In any proper court of law, the Milosevic trial would have collapsed long ago; for instance, when the previous presiding judge, Sir Richard May, unexpectedly died in July 2004. Since there are only three judges, this is equivalent to the sudden disappearance of four jurors, which would cause a criminal trial in this country to be abandoned or restarted. So determined, however, are the judges to obtain a conviction of their prize defendant that they have even ruled that he can be tried in absentia if he is too ill to defend himself in court. The judges themselves admitted that their ruling had no precedent in law, but legality has never bothered them much: ever complicit with the prosecutor, they allowed the addition of new indictments after Milosevic’s transferral to The Hague in 2001, even though this violates the key tenet of extradition law that a defendant may not be tried for charges other than those for which he was originally extradited.

Transparency is not of much interest to the judges either: when I asked to see the medical evidence which, they claimed, showed that Milosevic was too sick to defend himself but not so sick that the trial should be abandoned, I was told it was confidential. And when on Tuesday Milosevic pleaded that he was too sick to continue, presiding judge Patrick Robinson simply barked, ‘Are you deaf? I told you to call the next witness.’

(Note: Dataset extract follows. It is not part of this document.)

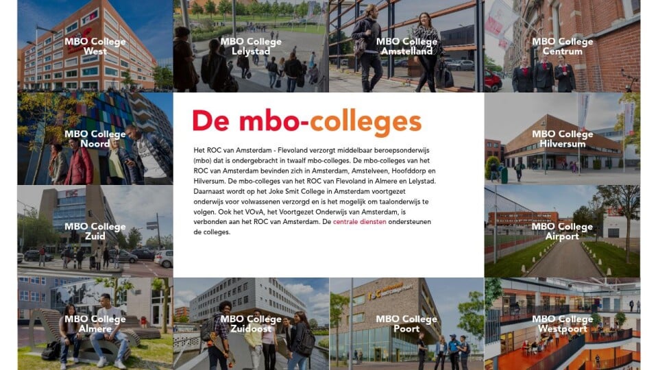Het ROC van Amsterdam - Flevoland verzorgt middelbaar beroepsonderwijs (mbo) dat is ondergebracht in twaalf mbo-colleges. De mbo-colleges van het ROC van Amsterdam bevinden zich in Amsterdam, Amstelveen, Hoofddorp en Hilversum. De mbo-colleges van het ROC van Flevoland in Almere en Lelystad. Daarnaast wordt op het Joke Smit College in Amsterdam voortgezet onderwijs voor volwassenen verzorgd en is het mogelijk om taalonderwijs te volgen. Ook het VOvA, het Voortgezet Onderwijs van Amsterdam, is verbonden aan het ROC van Amsterdam. De centrale diensten ondersteunen de colleges.

Memory of NATO’s onslaught on the former Yugoslavia has faded. But perhaps next weekend, when rallies across the world signal the third anniversary of the US onslaught on Iraq, some speakers will take the occasion of Milosevic’s court-assisted demise to remind their audiences that the legal, military and journalistic banditry that have accompanied the Iraq enterprise from the start were all field-tested in the late 1990s in the Balkans, as weekly stories in CounterPunch laid out in detail. Later Jeffrey St Clair and I put together a chronicle of those stories. This week, as Milosevic and the onslaught on the former Yugoslavia return to the front pages among predictable obfuscation, we run some relevant extracts here from Imperial Crusades. These days we have the Neo-Cons’ war. Back then we had the Liberals’ War. There’s continuity. The lying didn’t start with Judy Miller nor the saber-rattling with Bill Kristol.